Segment Start: DATA

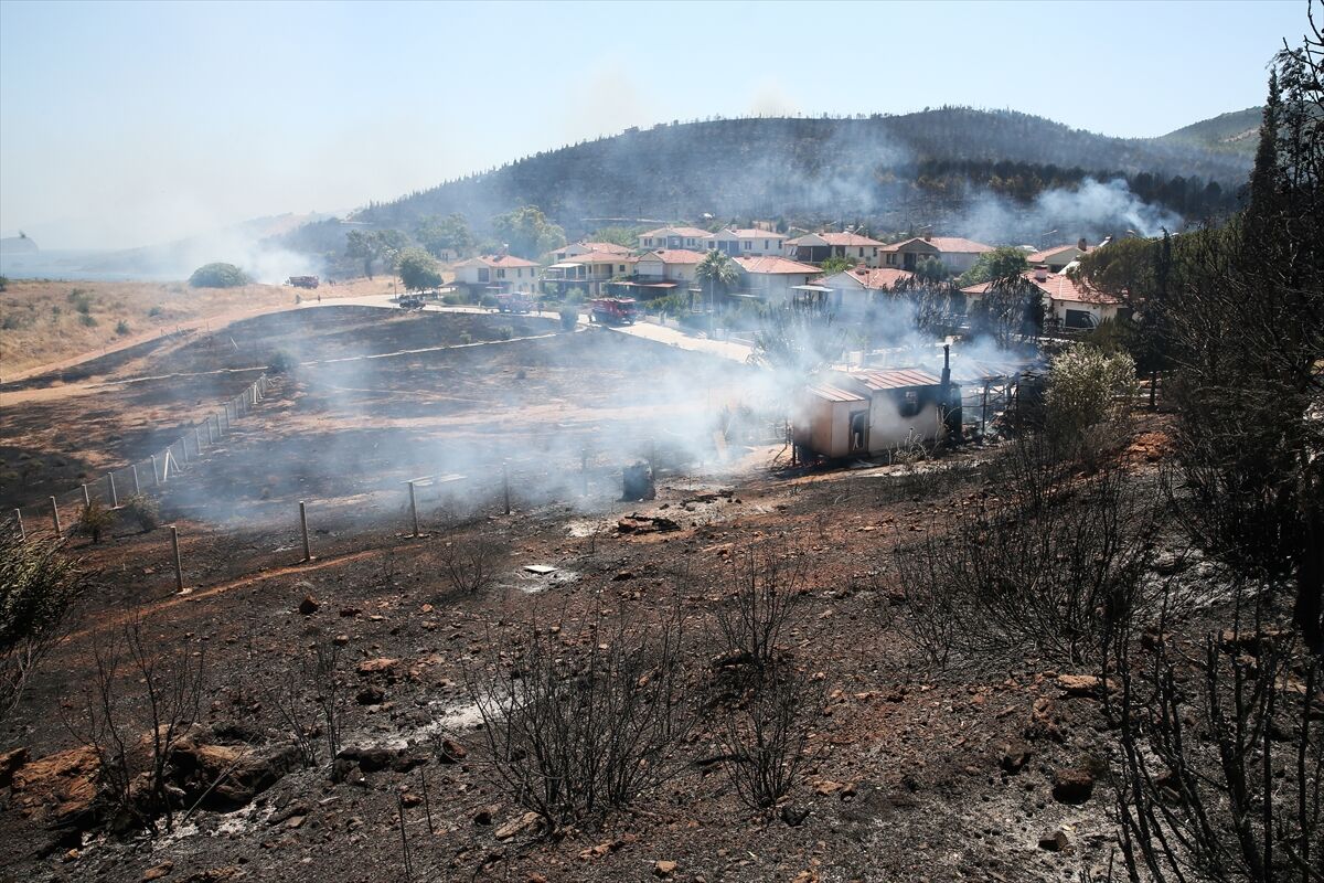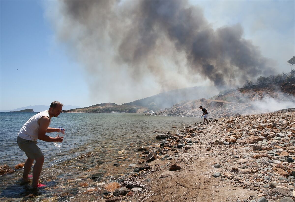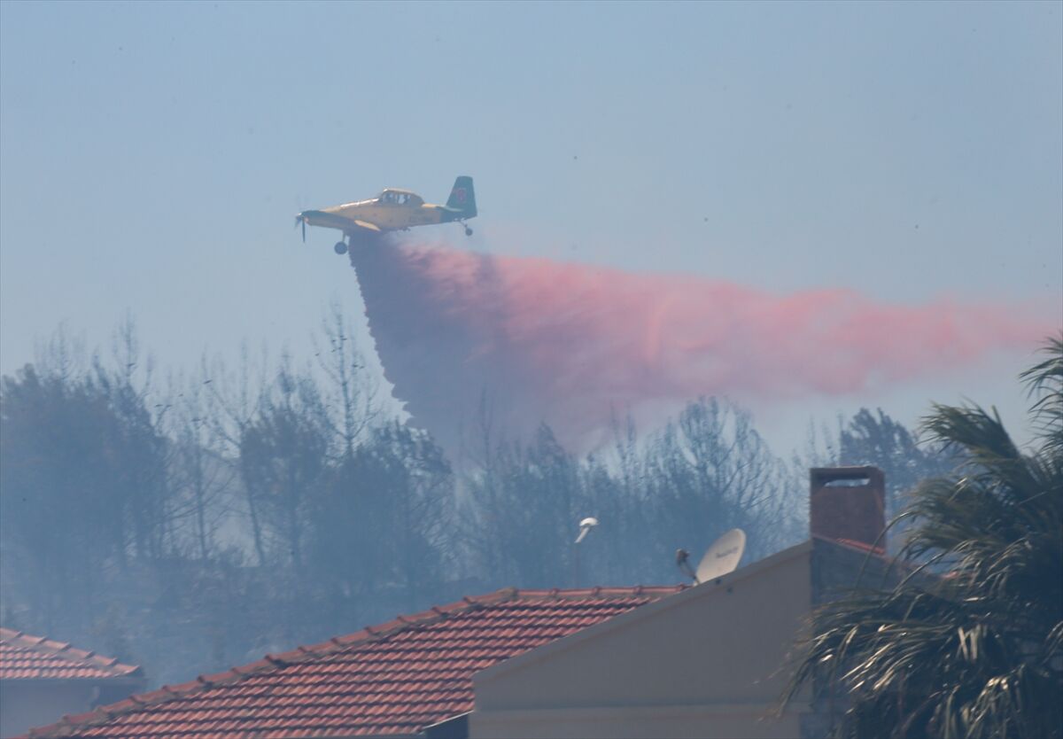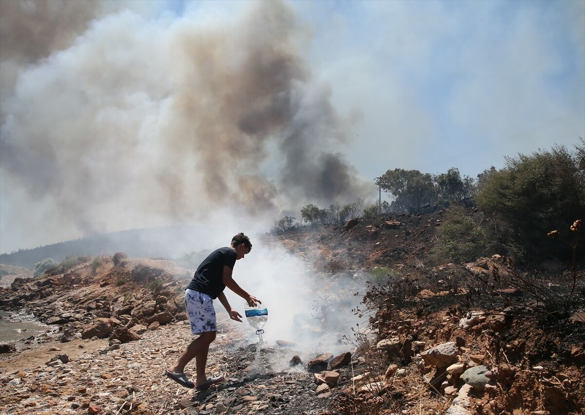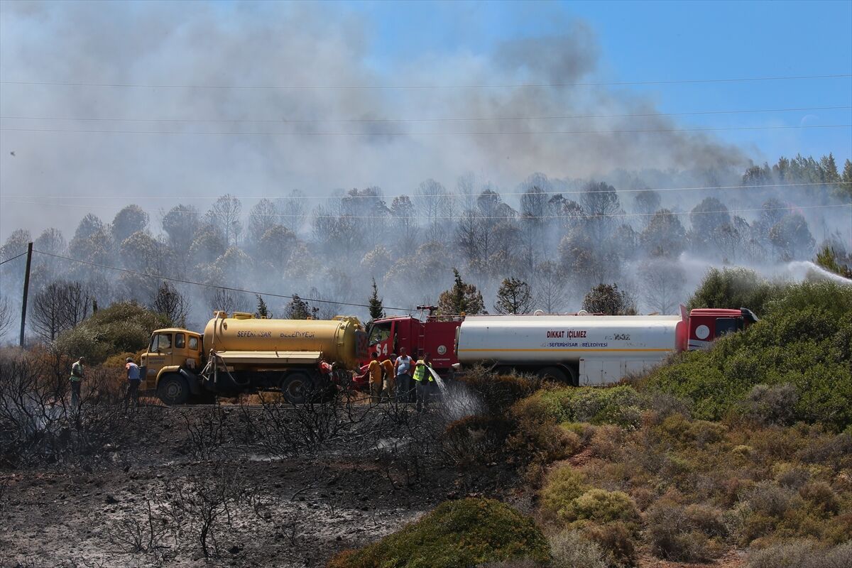 İzmir'in Seferihisar ilçesinde Doğanbey bölgesinde çıkan yangına havadan ve karadan müdahale ediliyor.
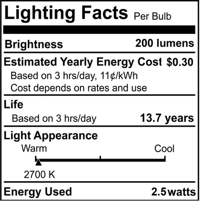 - 25 Watt equivalent, using only 2.5 Watts (200 lumens).
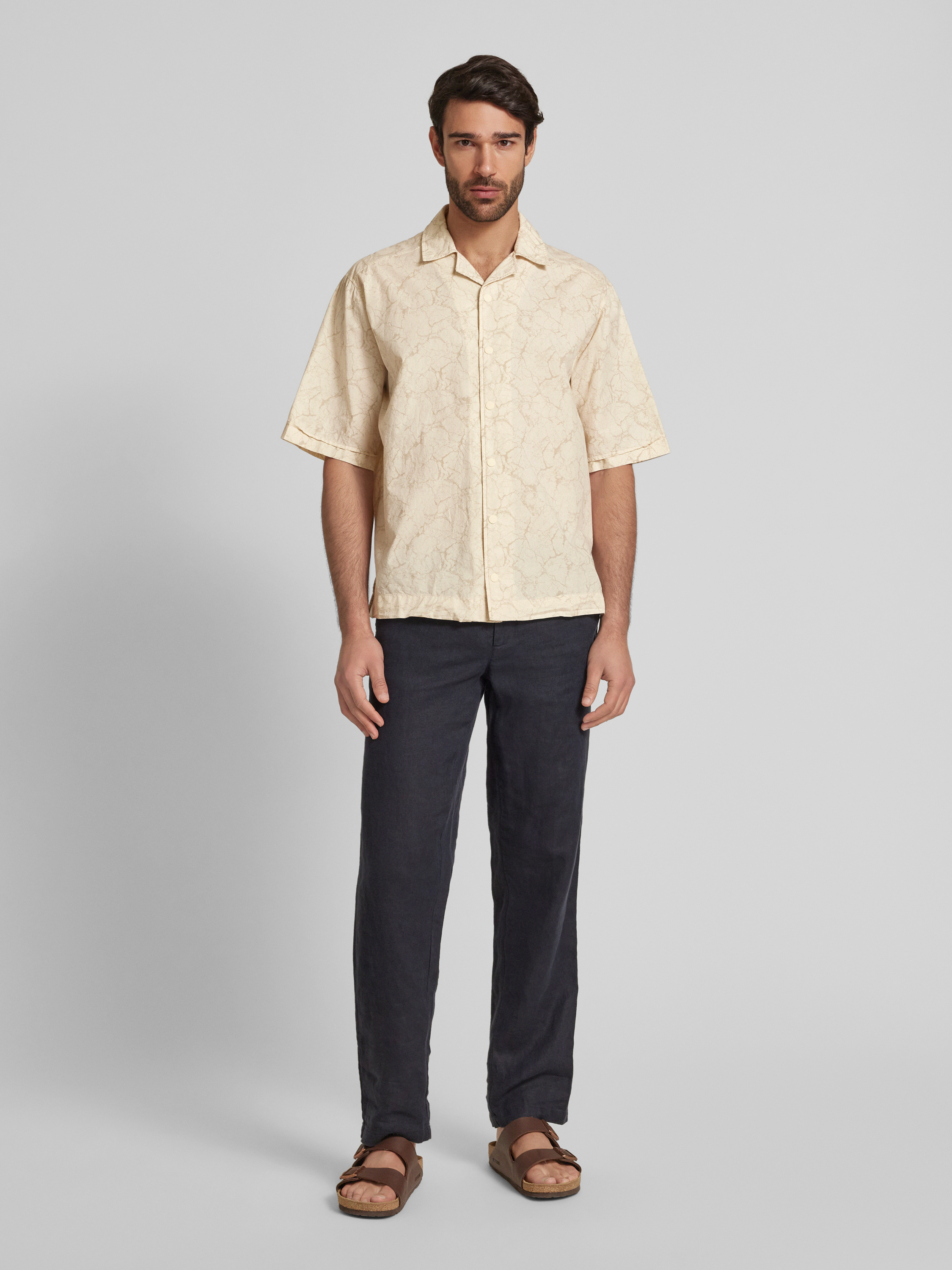 Koszula casualowa o kroju relaxed fit z rękawem o dł. 1/2 model ‘Lapisy’ - piaskowy

Segment End: DATA

| PROBLEM |
Each line of the data above must be repeated exactly, images excluded.

| REPLY TO THE TASK |
 İzmir'in Seferihisar ilçesinde Doğanbey bölgesinde çıkan yangına havadan ve karadan müdahale ediliyor.
 - 25 Watt equivalent, using only 2.5 Watts (200 lumens).
 Koszula casualowa o kroju relaxed fit z rękawem o dł. 1/2 model ‘Lapisy’ - piaskowy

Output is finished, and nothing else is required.